NXF_VER=$nfversion nextflow run - <<EOC
nextflow.preview.dsl=2
aaa = Channel.from([[9],[1],[7],[5]])
process X {
  input: val b
  script: "echo \${b} > hello.txt"
}

X(aaa)
EOC
same here (pleasant to see that nextflow run - <<EOC works!)
Riccardo Giannico
@giannicorik_twitter

@madkinsz I believe you're searching for this:

Channel.fromFilePairs("${params.infolder}/*.fastq.gz",size:-1) {file -> file.name.split(/_S\d+_L/)[0]}
        .ifEmpty {error "File ${params.infolder} not parsed properly"}
        .set { ch_fastqgz } 

process mergefastq {
    tag ${sample}
    input:
    set val(sample), file (fastqfiles) from ch_fastqgz  
    """
    ls ${sample}_S*_R1_*.fastq.gz | xargs zcat > ${sample}.R1.fastq
    ls ${sample}_S*_R2_*.fastq.gz | xargs zcat > ${sample}.R2.fastq
    """

}

channel ch_fastqgz contains something like this:

[ [sample1 , [sample1_S001_L001_R1_0001.fastq.gz , sample1_S001_L001_R2_0001.fastq.gz ]] , 
[sample2, [sample2_S001_L001_R1_0001.fastq.gz , sample2_S001_L001_R2_0001.fastq.gz] ]]
Riccardo Giannico
@giannicorik_twitter
Ah, you also asked for you example "how to make a channel read from fastq_files channel"
The answer is you need to use the Operators (see here: https://www.nextflow.io/docs/latest/operator.html)
for example, take your fastq list and create a new channel containing only R1 fastqs:
fastq_pairs.filter{ it =~ /_R1_/ }.tap{fastq_R1only}
lauw04
@lauw04
Hello
I runned a nextflow pipe in a remote server (in2p3) and my job was aborted because of the memory I used.
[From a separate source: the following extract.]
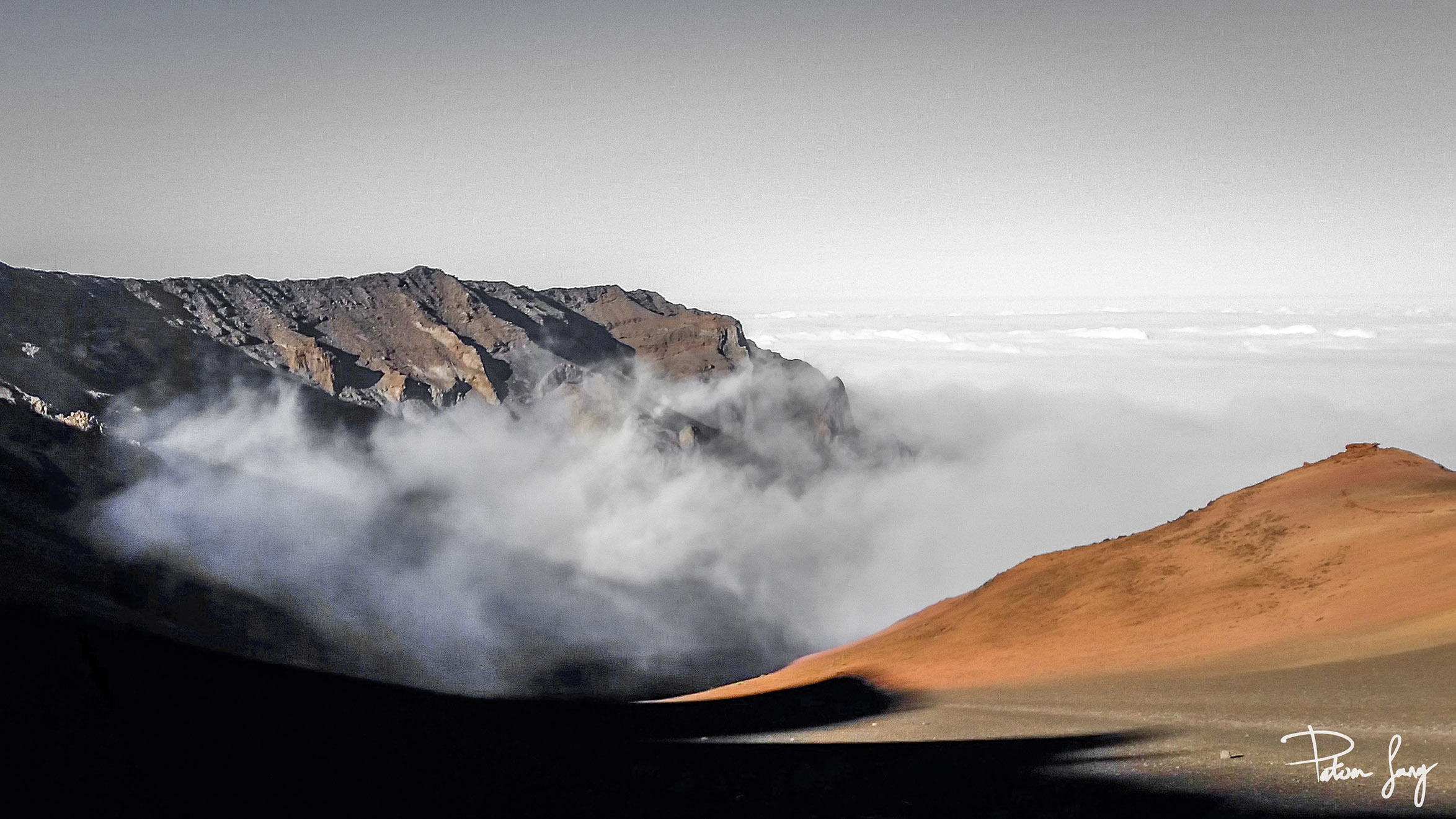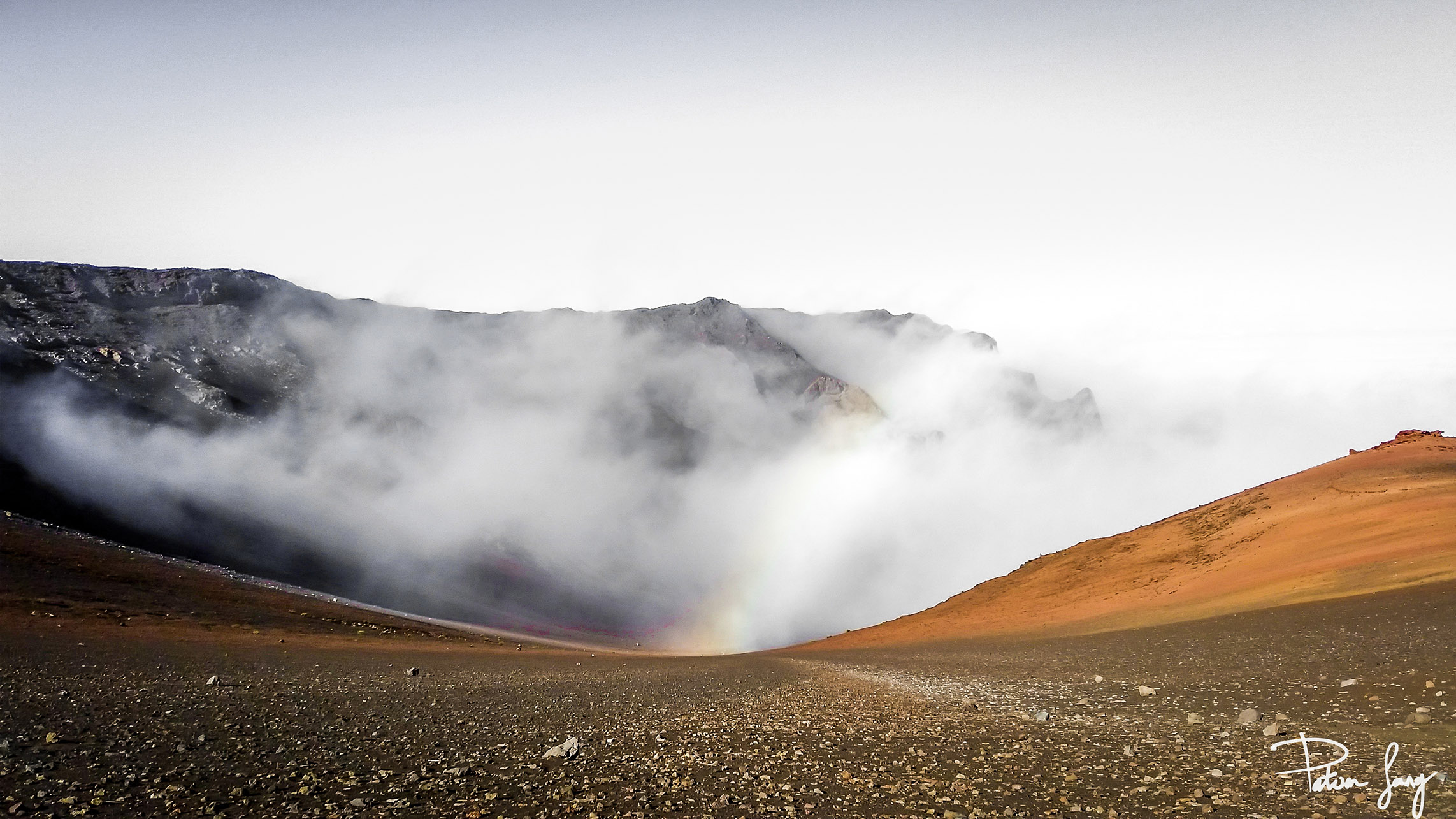 วินาทีแรกที่ก้าวผ่านขอบลงไปในหลุมยักษ์แห่งนี้ทำเอาผมตกใจ นึกว่าตัวเองหลุดเข้าไปในหนังสตาร์วอร์ครับ! ผืนดินข้างหน้าผมเต็มไปด้วยเนินทรายสีส้มและแดงซึ่งทอดยาวออกไปแบบไม่รู้จบ ไม่เห็นก้นหรืออีกฝั่งนึงของหลุมนี้ด้วยซ้ำ อย่างที่บอกเส้นทางเดินบนฮาเลียคาล่านี้จะไม่เหมือนที่อื่น เพราะเราต้องเริ่มเดินลงไปก่อนและปีนเขากลับขึ้นมาซึ่งอาจจะใช้เวลาถึง 3 เท่าของเวลาที่เดินลง สิ่งนี้ทำให้หลายๆคนประหม่าคิดว่าตัวเองมีแรง เดินลงไปไกลมากจนมีปัญหาตอนต้องปีนเนินหินกลับขึ้นมา เราเลยค่อยๆเดินลงไปช้าๆและคอยเช็คว่าเราลงมาลึกแค่ไหนแล้วตลอดทางครับ

It states : " Max vmem = 20.710G
Max rss = 563.410M" so I thought I used max vmem but actually I really used max rss, the real ram memory. But I don't understand the difference between vmem and rss
Anthony Ferrari
@af8
What is the simple syntax in Groovy for creating an empty file ? Equivalent to touch process.complete in Linux. Thanks
Stijn van Dongen
@micans
@af8 stackoverflow suggests
def nf = new File("test.txt")
nf.createNewFile()
Riccardo Giannico
@giannicorik_twitter
@af8 may I ask why you need to use plain groovy to create a file instead of using bash inside a nextflow process? According to nextflow logic, you should write files inside of the "processes" using bash or any other language.
Anthony Ferrari
@af8
Thank you @micans. I was also wondering if there was a more nf-ish way of doing it but this will be great. I was also considering something like
file('test.txt' ).text = ''
@giannicorik_twitter it is to use in the workflow.onComplete method
Shellfishgene
@Shellfishgene
For splitFasta, can I just use the size option or do I have to combine it with by?
Oh, I think I misunderstand the size option...
Any way of splitting the fasta file by bytes, without cutting sequences in half?
Riccardo Giannico
@giannicorik_twitter
@Shellfishgene I'd suggest to use a process.
You can run a tool (or an awk script) to split a fasta in multiple fasta files
Stijn van Dongen
@micans
@AlaaBadredine_twitter I've made another implementation of the A->(B->)->C pattern: https://github.com/micans/nextflow-idioms/blob/master/ab-abc-tap.nf . I think it is the most readable one -- it uses the tap operator (which I noticed in @giannicorik_twitter 's contribution above). The core looks like this:
ch_dummy.flatMap().map { f -> [f.text.trim(), f] }.view()
  .tap { ch_AC }
  .until { !params.includeB }
  .set { ch_AB }

process processB {
  input:  set val(sampleid), file(thefile) from ch_AB
  output: set val(sampleid), file('out.txt') into ch_BC
  script: "(echo 'B process'; cat $thefile; md5sum $thefile) > out.txt"
}

ch_AC.until { params.includeB }.mix(ch_BC).set{ ch_C }
@pditommaso this way there are no extra channel names ...
Shellfishgene
@Shellfishgene
@giannicorik_twitter Will do, thanks
Riccardo Giannico
@giannicorik_twitter
@Shellfishgene :thumbsup: :smile:
Riccardo Giannico
@giannicorik_twitter
@micans seems like you liked the 'tap' trick , uh? :smile: glad to be of any help!
Stijn van Dongen
@micans
:+1: